Artificial intelligence requires trusted data, and a healthy DataOps ecosystem
Lately, we’ve seen many “x-Ops” management practices appear on the scene, all derivatives from DevOps, which seeks to coordinate the output of developers and operations teams into a smooth, consistent and rapid flow of software releases. Another emerging practice, DataOps, seeks to achieve a similarly smooth, consistent and rapid flow of data through enterprises. Like many things these days, DataOps is spilling over from the large Internet companies, who process petabytes and exabytes of information on a daily basis.
Photo: Joe McKendrick
Such an uninhibited data flow is increasingly vital to enterprises seeking to become more data-driven and scale artificial intelligence and machine learning to the point where these technologies can have strategic impact.
Awareness of DataOps is high. A recent survey of 300 companies by 451 Research finds 72 percent have active DataOps efforts underway, and the remaining 28 percent are planning to do so over the coming year. A majority, 86 percent, are increasing their spend on DataOps projects to over the next 12 months. Most of this spending will go to analytics, self-service data access, data virtualization, and data preparation efforts.
In the report, 451 Research analyst Matt Aslett defines DataOps as “The alignment of people, processes and technology to enable more agile and automated approaches to data management.”

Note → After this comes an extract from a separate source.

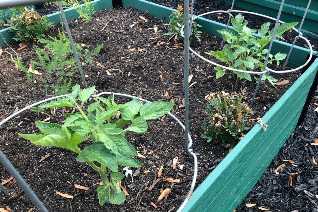 The cherry tomatoes, which are the only pre-grown veg I bought, are doing really well.

The catch is “most enterprises are unprepared, often because of behavioral norms — like territorial data hoarding — and because they lag in their technical capabilities — often stuck with cumbersome extract, transform, and load (ETL) and master data management (MDM) systems,” according to Andy Palmer and a team of co-authors in their latest report, Getting DataOps Right, published by O’Reilly. Across most enterprises, data is siloed, disconnected, and generally inaccessible. There is also an abundance of data that is completely undiscovered, of which decision-makers are not even aware.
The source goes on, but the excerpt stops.